Ridge, who lived just around the corner, was spending the evening with us. My brother Denis was there too, staying a few days because Mum was with us (and we had enough spare rooms). Ridge soon became worried about Bill, and kept muttering to me that something wasn’t right; I should try and get him more treatment. Eventually I became worried enough myself to tell Bill what Ridge was saying. Ridge followed this up by asking if Bill knew any doctors who specialised in this kind of thing, whom he could call. I realise now that he would have been given a strong suggestion from his guides that Bill would know someone. And sure enough, Bill did. He had become fairly prominent in the new abalone diving industry by then, and as a spokesman for the local fishing industry in general. He was interested in medical research into aspects of diving, including the bends, and had had conversations with a particular specialist who was very involved in this research.
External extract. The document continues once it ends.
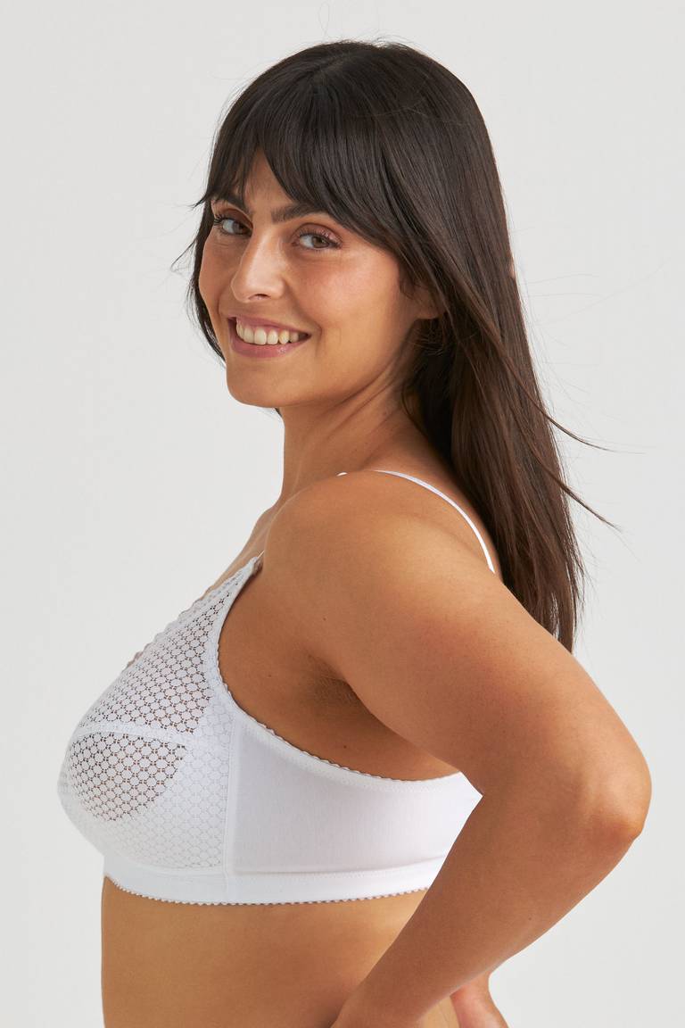 Cotton Dots je bavlněná podprsenka bez kostic, která poskytuje vynikající zvednutí a oporu. Podpůrný panel ve spodní části košíčků zvedá a odděluje prsa. Košíčky jsou vyrobeny z pevného, nevyztuženého, plného a vzdušného bavlněného materiálu, který umožňuje pokožce dýchat. Košíčky mají dvoudílný střih a mírně špičatý střih. Jsou ideální i pro ženy s výraznými křivkami - dostupné až do velikosti J! Elastická ramínka jsou snadno nastavitelná vpředu. Pružná záda ve tvaru U s nastavitelnými suchými zipy.

‘Phone him!’ Mum and Ridge and I all urged. So, even though it was a public holiday, he did, and left a brief message on the man’s answer machine as to what had been happening to him. Five minutes later the guy called back. Bill answered, had a brief talk, then came to tell the rest of us what had transpired (no speaker phones in homes back then).
‘Nissen!’ the very no-nonense doctor had yelled without preamble. ‘Get your arse up to Geelong! NOW!’
He asked if there was someone who could drive Bill. My brother volunteered. The doctor (a well-known and important person in public life) had asked to be phoned back with the number plate of the car Bill would be travelling in. He arranged for police clearance all the way from our suburb to the city of Geelong (about 75k to the southwest of Melbourne) and ordered my brother to drive as fast as he safely could. At Geelong there was a centre for medical research into diving, which included a huge decompression chamber. Bill ended up spending nearly a week there, closely monitored the whole time by especially-trained medical staff. We all drove to visit him a couple of times, and to bring him home when he was pronounced cured. Another time I was very grateful to Ridge! Indeed we all were.
And here I must distinguish between his various gifts. With Suey, and later with Bill, no magic was involved (as far as I know). It was Ridge’s clairvoyance which enabled him to know something was wrong and needed addressing. And in the case of Suey, he helped her with his healing abilities, via a ‘laying on of hands.’ I have learned a number of healing modalities myself since then, and now know this to be a form of what’s called energy healing. I suspect it came naturally to Ridge. I never heard of his having undertaken any healing courses. (It may have been, specifically, ‘spiritual healing,’ in which healers – including doctors – who have ‘passed over’ are understood to work through the hands of a living healer when called upon. But we didn’t discuss it enough for me to be certain about that.)
He bragged a bit about being able to use telepathy. Which he could. But he wasn’t always well able to demonstrate it! I have a rebellious personality. One time I had popped down the street to get something from the shops while Ridge was at our place having a yarn with Bill and my mum, when I heard his voice in my head quite clearly, saying, ‘Come home now!’ I didn’t get any sense of anything being wrong at home, and I was in a mood to dig my heels in rather than answer a peremptory summons. So I continued shopping and arrived back home in my own good time. Sure enough, he said he had mentally called me to come home, so as to demonstrate his telepathy to the others present. When I didn’t return immediately, he decided I hadn’t picked up the message, so I must not be very telepathic myself. I don’t know how much anyone believed me when I claimed that I had heard him, but just chose not to return home yet – but eventually, when I stopped to think about it, I was thrilled to realise that, obviously, I was telepathic too.